As we readied for takeoff, the pilot appeared to be reading the manual on how to fly the thing. Or that’s what it looked like to me, he seemed unsure and a little fidgety, and it seemed to take a lot of revving to get the plane to taxi down the runway and lift off the ground. I took comfort from the calmness of the other passengers. I’ve always been relatively fine during landings as I could see the ground and the flights were over, so this time, as we could see the ground(sea) the whole flight, and we could see the skyline of Boston for most of the 15-minute flight, I was actually fine. Apart from the one time an orange light flashed on the dashboard and an alarm sounded briefly seeming to startle the pilot. There is something to that saying, ‘feel your fear and do it anyway’, though there is a time and a place and I would not have been able for this flight a week earlier.
Lauren and Tina and her parents hung out at the airport and we ate pizza and chatted. I was sorry to part ways with them, but we had to too soon as their flight was leaving a lot earlier than mine. I wandered to the right terminal and settled in to wait for my flight to Dublin, sad to leave, but anxious to get home. The time passed quicker as I ended up chatting at the gate to I. Beecham who was on the same flight to Dublin on her way back to the UK. I think I might actually have slept on the flight home, exhaustion and my experiences in PTown making me a slightly different person compared to the terrified one who flew out just the week before.
After it all, Home is where I get to cuddle Clio.
As far as the reason I went to PTown in the first place – as an author and to network – I found it difficult to relax and just enjoy all the readings while I was also a part of the events and while I was fulfilling my promise to take part in every possible minute of PTown Women’s Week. I couldn’t slip comfortably back into the role of a reader as there was so much going on in me and around me. Therefore, I probably did not absorb or learn as much about the lesbian fiction scene as I should have. Despite being an author and reading on the panels, I was still in awe of the established authors and didn’t take the chance to talk properly with them and ask them the questions I wanted to. I spent more time with the performers, observing them and asking myself questions about their capacity to bare their souls on stage, their support for each other, their obligation to be known, yet remain private.
For many reasons, the experience changed me and was well worth the trip. I discovered that fear has kept me from being the person I can be, from reaching out and from experiencing a lot more that life has to offer. It was wonderful to rediscover the me that people enjoyed meeting.

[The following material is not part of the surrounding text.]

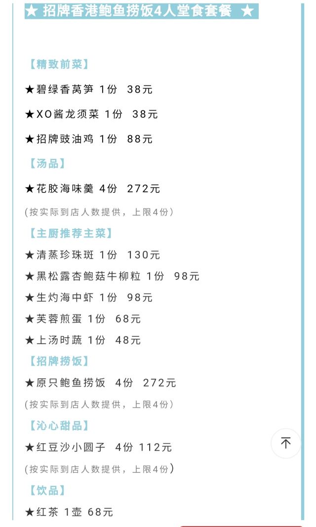 可爱的旅途88XC入的套餐,整体就和茶餐厅差不多吧,量并不多,其实个人觉得套餐的菜品质量是有差的。 特地点了份蜜汁叉烧,如图的量,看着还行,但味道真心一般。鲍鱼饭的鲍鱼个头小,不够嫩,珍珠斑不是很新鲜,鱼肉散的,从鱼骨上剥离下来不是整块。虾的质量还不错,牛肉里杏鲍菇偏多一点,两样切成差不多大小,看上去挺“热闹”。花胶海味羹,论位的话68元一位,上菜的品质也就打折后的水平。豉油鸡,味道一般。时蔬是一小份鸡毛菜。无法用性价比来评。 停车,在香港广场北座,地方不大,用餐消费可免费停2小时,到南座一楼服务台,注册会员后领取。正常收费标准是20元一小时。
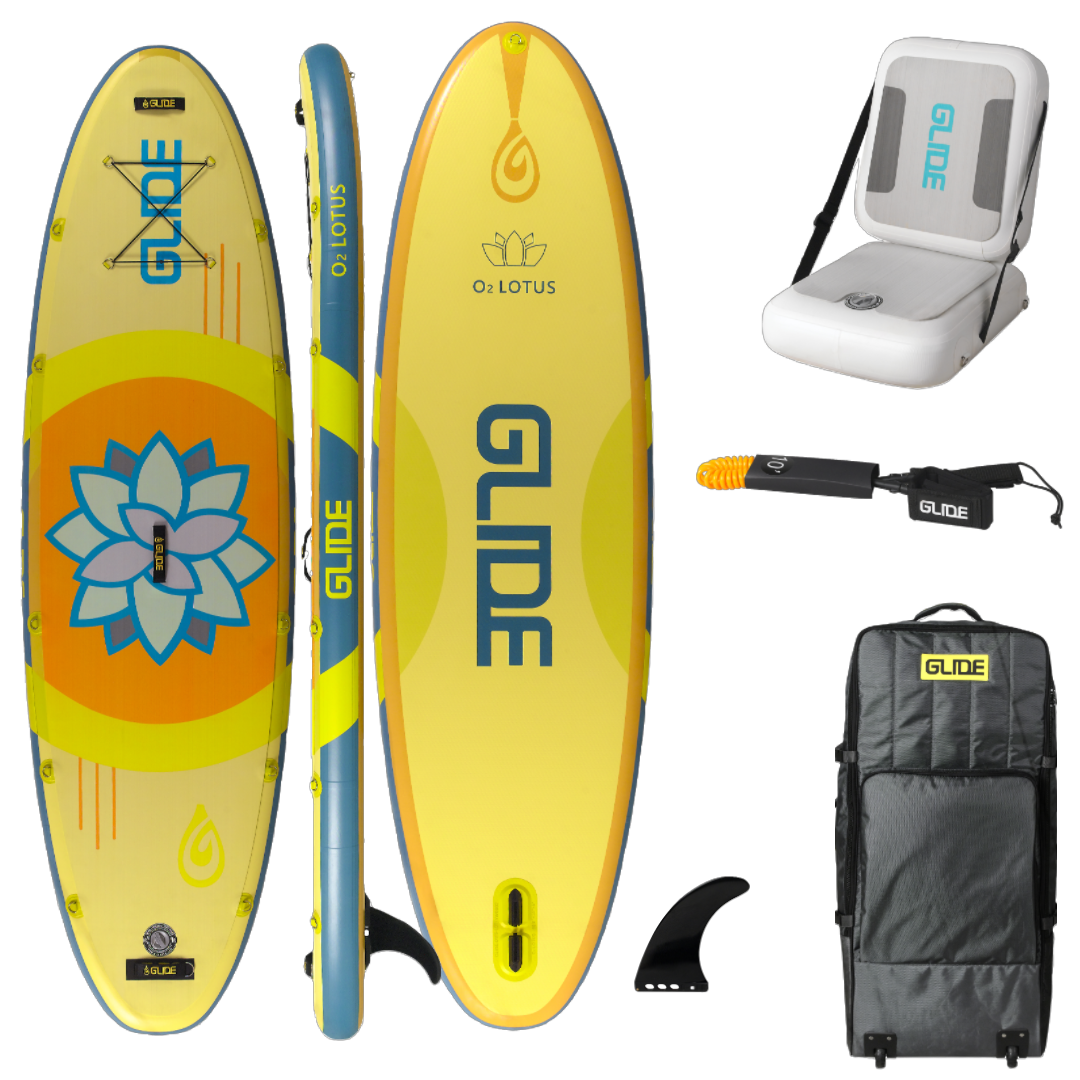 The GLIDE Lotus 3.0 inflatable Yoga Paddleboard is designed to bring balance and comfort to your on-water yoga practice. With its spacious deck and lightweight design, it’s the ultimate board for anyone looking to flow, stretch, and relax surrounded by nature’s beauty.

I know that PTown is a bubble and that the ‘real’ world outside can be a bit of a shock back to reality. Being able to walk down a street where being gay or lesbian was the norm, feeling equal, normal, a part instead of apart, is an experience that I wish I could have every day, until it becomes my ‘normal’, inside me as well as outside. I don’t know how long that will take, but until it happens where I live, I hope to get away and feel it again in Provincetown in 2014, and 2015, and so on. I may not be able to experience that ‘normality’ again, but I can take the feeling with me and I have the memories.
Most importantly, I will have the new friends I made there. A gang of us are already planning our next trip somewhere, and I can’t wait.